▸ WHAT TO WORK ON: Could you return each line of the material that has "Sept" in it?

** Opening RECORDS PROVIDED block **

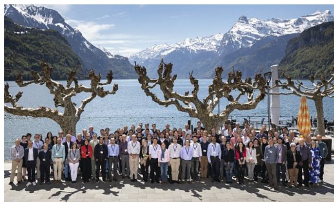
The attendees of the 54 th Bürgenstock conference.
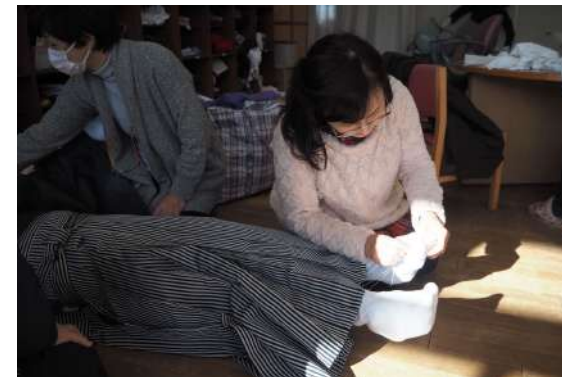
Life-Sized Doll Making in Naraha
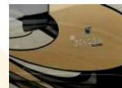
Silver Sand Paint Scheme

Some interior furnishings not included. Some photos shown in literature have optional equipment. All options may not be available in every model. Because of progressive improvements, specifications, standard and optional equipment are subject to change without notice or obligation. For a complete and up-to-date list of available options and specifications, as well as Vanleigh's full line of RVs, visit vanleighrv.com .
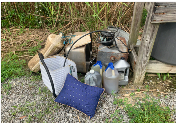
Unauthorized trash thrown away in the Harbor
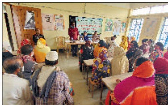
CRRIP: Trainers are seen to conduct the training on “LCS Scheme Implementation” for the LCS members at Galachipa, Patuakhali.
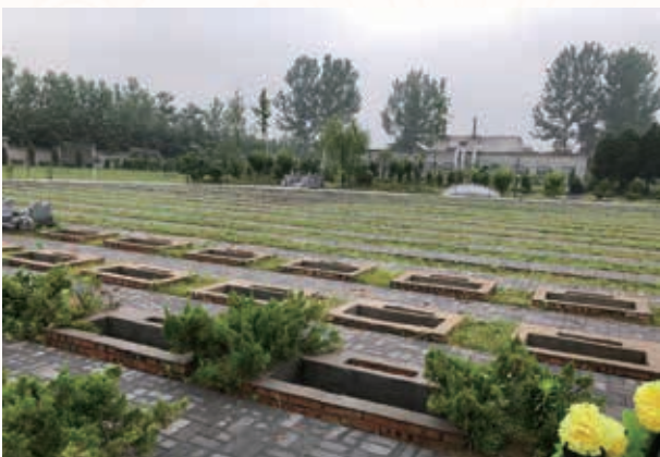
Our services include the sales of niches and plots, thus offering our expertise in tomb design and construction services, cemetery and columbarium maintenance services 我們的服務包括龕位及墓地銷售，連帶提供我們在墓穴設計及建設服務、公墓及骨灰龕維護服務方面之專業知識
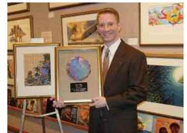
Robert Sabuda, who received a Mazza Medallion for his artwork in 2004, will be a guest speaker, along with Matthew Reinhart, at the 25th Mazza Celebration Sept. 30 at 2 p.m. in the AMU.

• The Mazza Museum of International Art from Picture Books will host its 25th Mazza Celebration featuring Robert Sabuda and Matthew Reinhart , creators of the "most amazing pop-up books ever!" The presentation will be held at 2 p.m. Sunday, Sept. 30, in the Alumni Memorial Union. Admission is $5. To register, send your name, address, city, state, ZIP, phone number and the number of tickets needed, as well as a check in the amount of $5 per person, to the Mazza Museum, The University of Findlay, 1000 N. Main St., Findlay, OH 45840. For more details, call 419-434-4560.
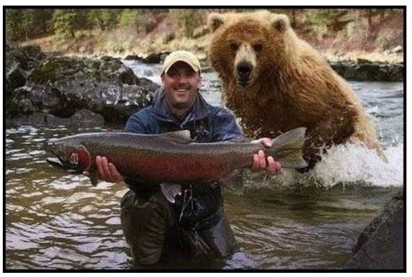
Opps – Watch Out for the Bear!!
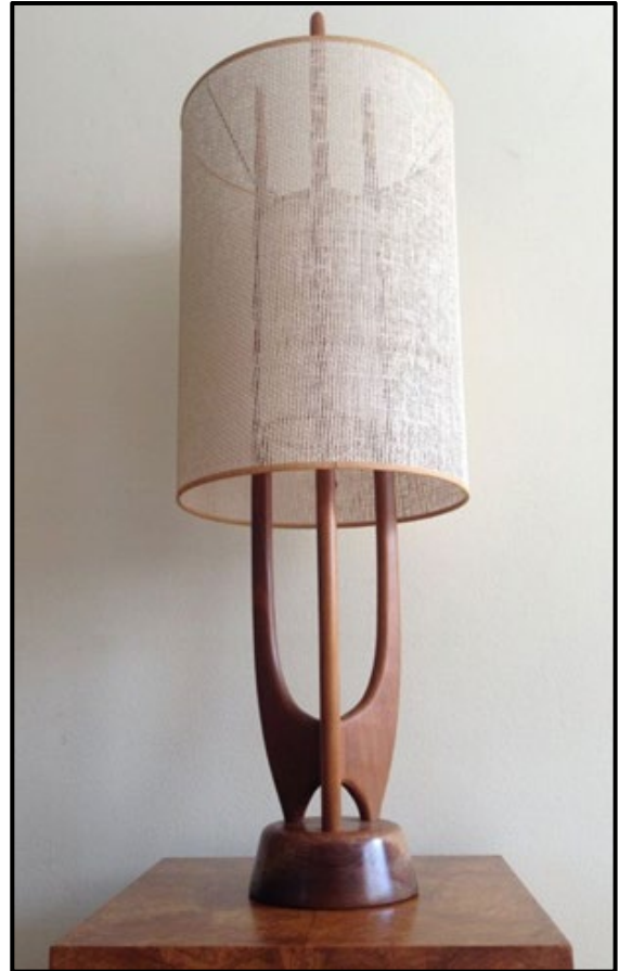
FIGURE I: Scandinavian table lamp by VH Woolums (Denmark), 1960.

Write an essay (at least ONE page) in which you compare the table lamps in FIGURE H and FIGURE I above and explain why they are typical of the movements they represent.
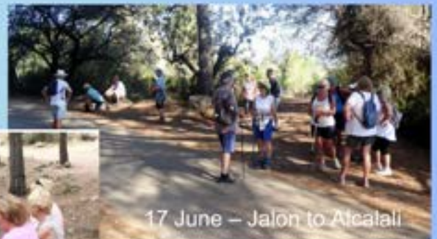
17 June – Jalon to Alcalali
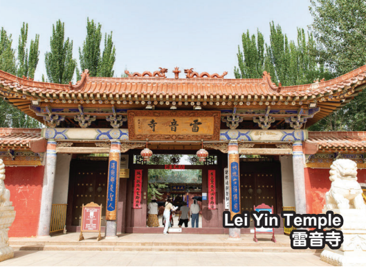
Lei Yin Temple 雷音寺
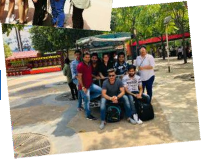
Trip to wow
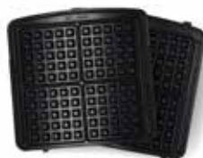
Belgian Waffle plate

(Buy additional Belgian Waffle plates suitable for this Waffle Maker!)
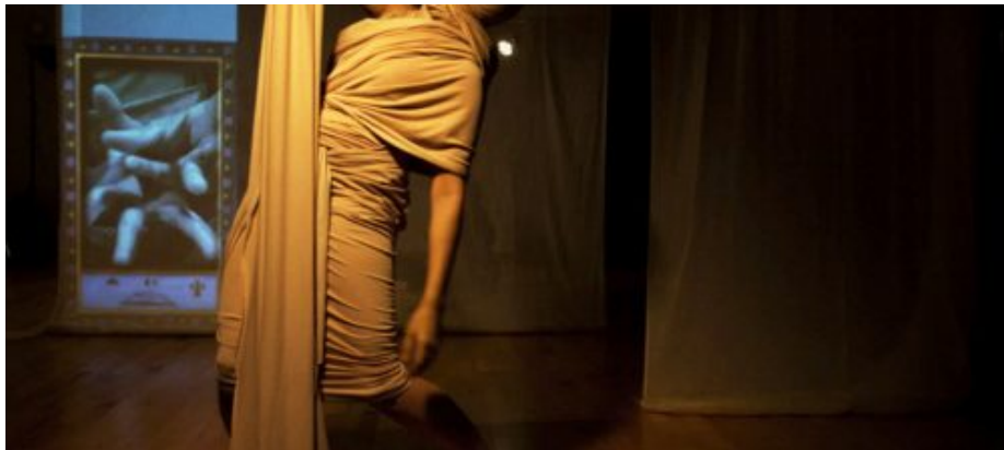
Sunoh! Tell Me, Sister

** Closing RECORDS PROVIDED block **
** Opening RECORDS PROVIDED block **

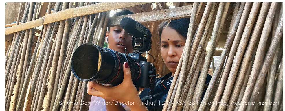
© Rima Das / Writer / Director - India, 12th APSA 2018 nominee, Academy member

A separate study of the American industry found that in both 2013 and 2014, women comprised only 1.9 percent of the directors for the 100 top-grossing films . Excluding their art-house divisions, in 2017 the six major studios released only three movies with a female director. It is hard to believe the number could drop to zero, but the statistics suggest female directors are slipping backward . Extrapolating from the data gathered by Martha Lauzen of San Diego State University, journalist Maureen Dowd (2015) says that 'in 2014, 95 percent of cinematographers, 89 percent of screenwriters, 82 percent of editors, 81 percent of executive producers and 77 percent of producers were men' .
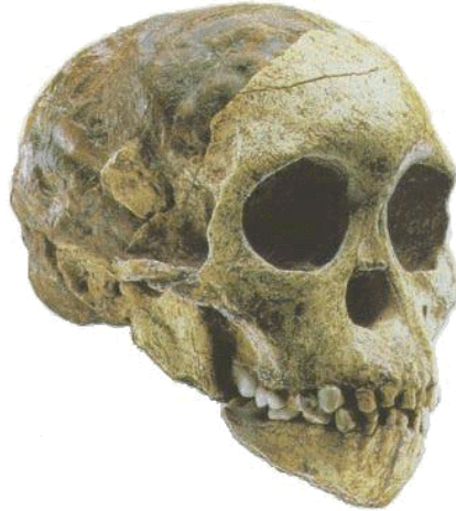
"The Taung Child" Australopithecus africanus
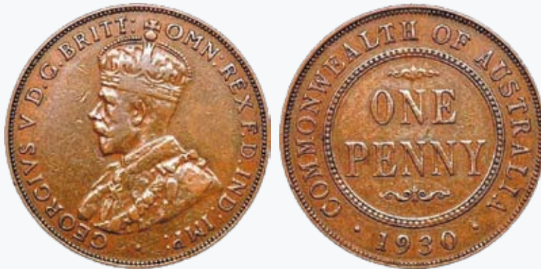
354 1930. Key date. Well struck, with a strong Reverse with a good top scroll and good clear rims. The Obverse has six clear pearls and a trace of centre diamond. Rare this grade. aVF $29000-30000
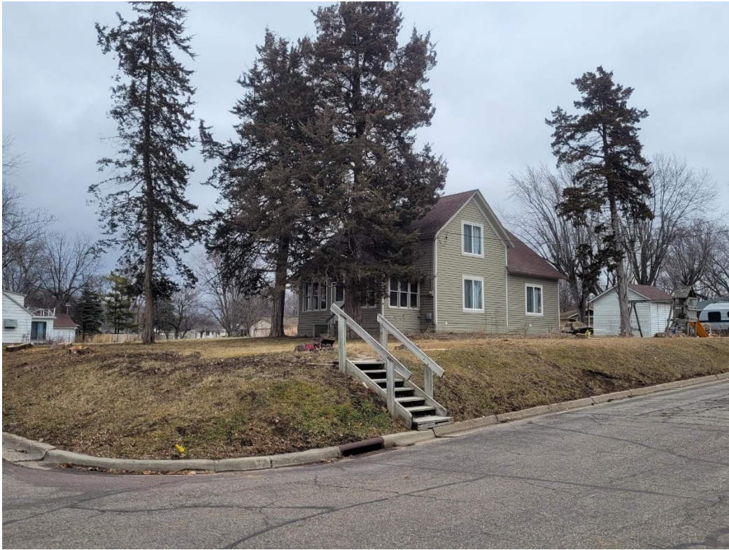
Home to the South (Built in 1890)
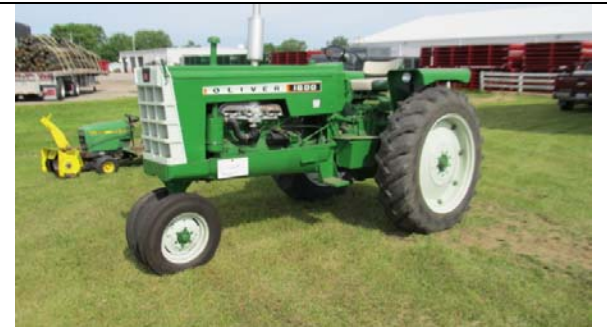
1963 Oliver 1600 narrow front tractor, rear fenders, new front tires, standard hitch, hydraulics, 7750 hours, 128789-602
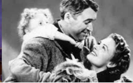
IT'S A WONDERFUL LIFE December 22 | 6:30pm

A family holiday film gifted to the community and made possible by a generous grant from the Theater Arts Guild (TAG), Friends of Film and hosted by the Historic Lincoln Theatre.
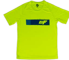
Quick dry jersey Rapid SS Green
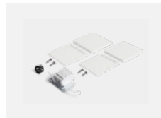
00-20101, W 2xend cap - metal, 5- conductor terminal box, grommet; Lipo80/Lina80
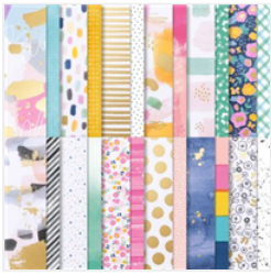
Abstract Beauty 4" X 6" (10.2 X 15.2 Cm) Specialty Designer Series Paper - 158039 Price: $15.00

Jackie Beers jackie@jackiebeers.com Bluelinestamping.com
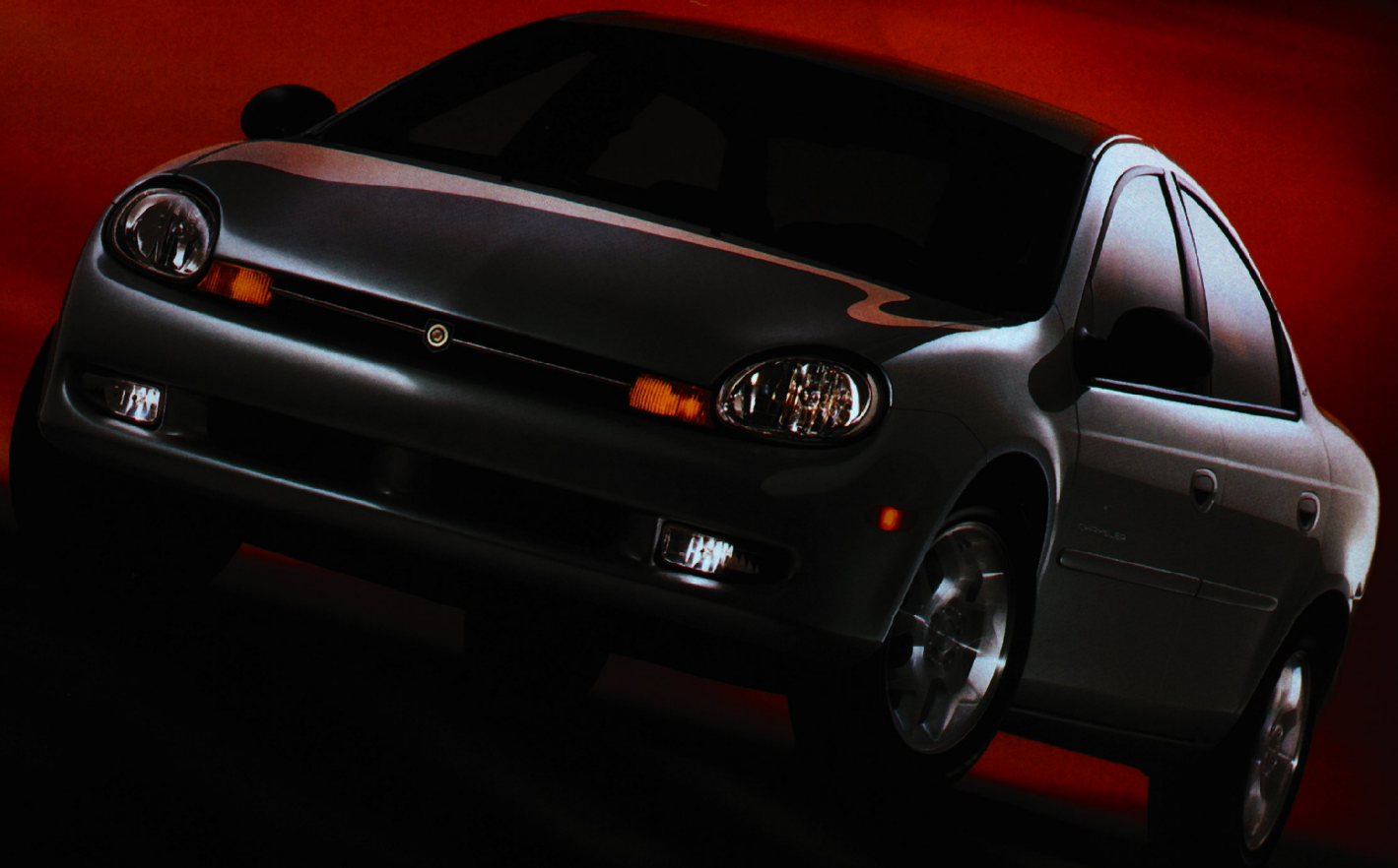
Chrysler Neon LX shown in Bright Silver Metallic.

** Closing RECORDS PROVIDED block **

▸ THE COMPLETED TASK:
Robert Sabuda, who received a Mazza Medallion for his artwork in 2004, will be a guest speaker, along with Matthew Reinhart, at the 25th Mazza Celebration Sept. 30 at 2 p.m. in the AMU.
• The Mazza Museum of International Art from Picture Books will host its 25th Mazza Celebration featuring Robert Sabuda and Matthew Reinhart , creators of the "most amazing pop-up books ever!" The presentation will be held at 2 p.m. Sunday, Sept. 30, in the Alumni Memorial Union. Admission is $5. To register, send your name, address, city, state, ZIP, phone number and the number of tickets needed, as well as a check in the amount of $5 per person, to the Mazza Museum, The University of Findlay, 1000 N. Main St., Findlay, OH 45840. For more details, call 419-434-4560.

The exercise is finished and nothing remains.